*Supplied material:*
------------------------------------
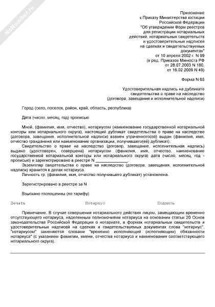 - 57Удостоверительная надпись на дубликате свидетельства о праве на наследство (договора, завещания, доверенности и исполнительной надписи). Форма № 65
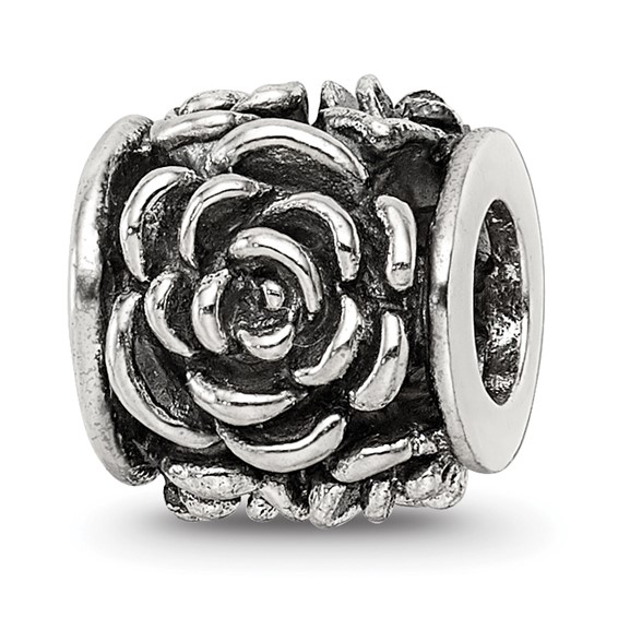 This rose Bali bead is made of antiqued, solid sterling silver. Imported.
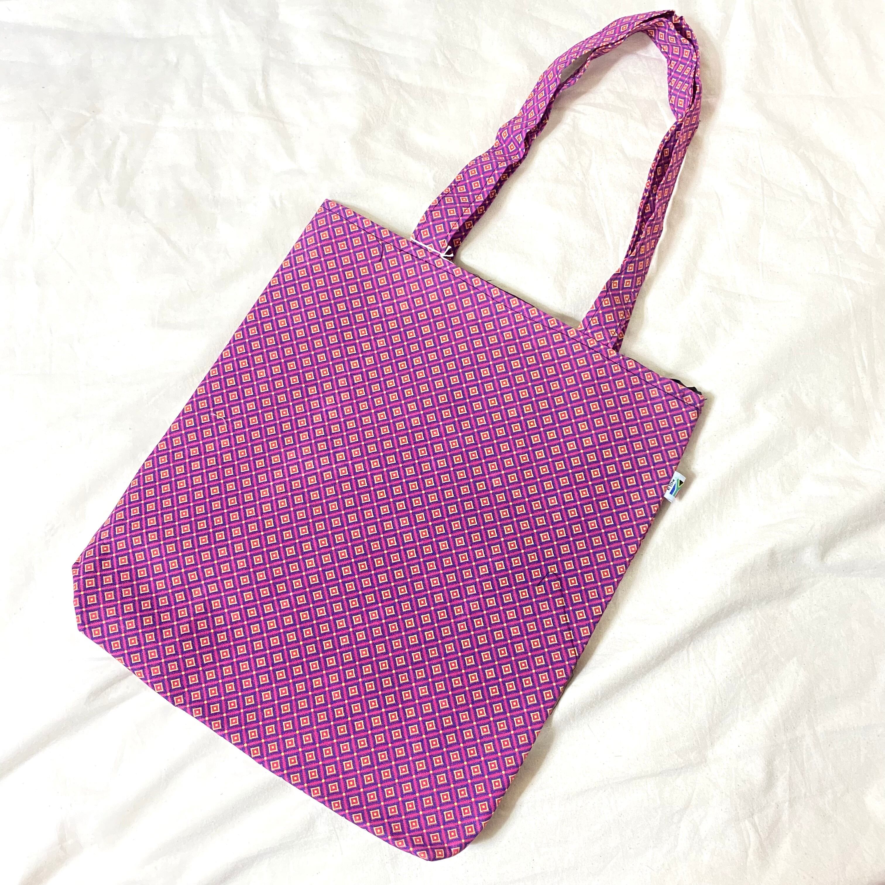 アフリカ布製のトートバッグです。バッグ部分はA4サイズが入る大きさ、持ち手部分は肩掛けできる長さで使い勝手の良い設計です。
------------------------------------
*What needs to be done:*
In the answer, all of the material should appear exactly as given, with no picture carried over.

*Exercise answer:*
 - 57Удостоверительная надпись на дубликате свидетельства о праве на наследство (договора, завещания, доверенности и исполнительной надписи). Форма № 65
 This rose Bali bead is made of antiqued, solid sterling silver. Imported.
 アフリカ布製のトートバッグです。バッグ部分はA4サイズが入る大きさ、持ち手部分は肩掛けできる長さで使い勝手の良い設計です。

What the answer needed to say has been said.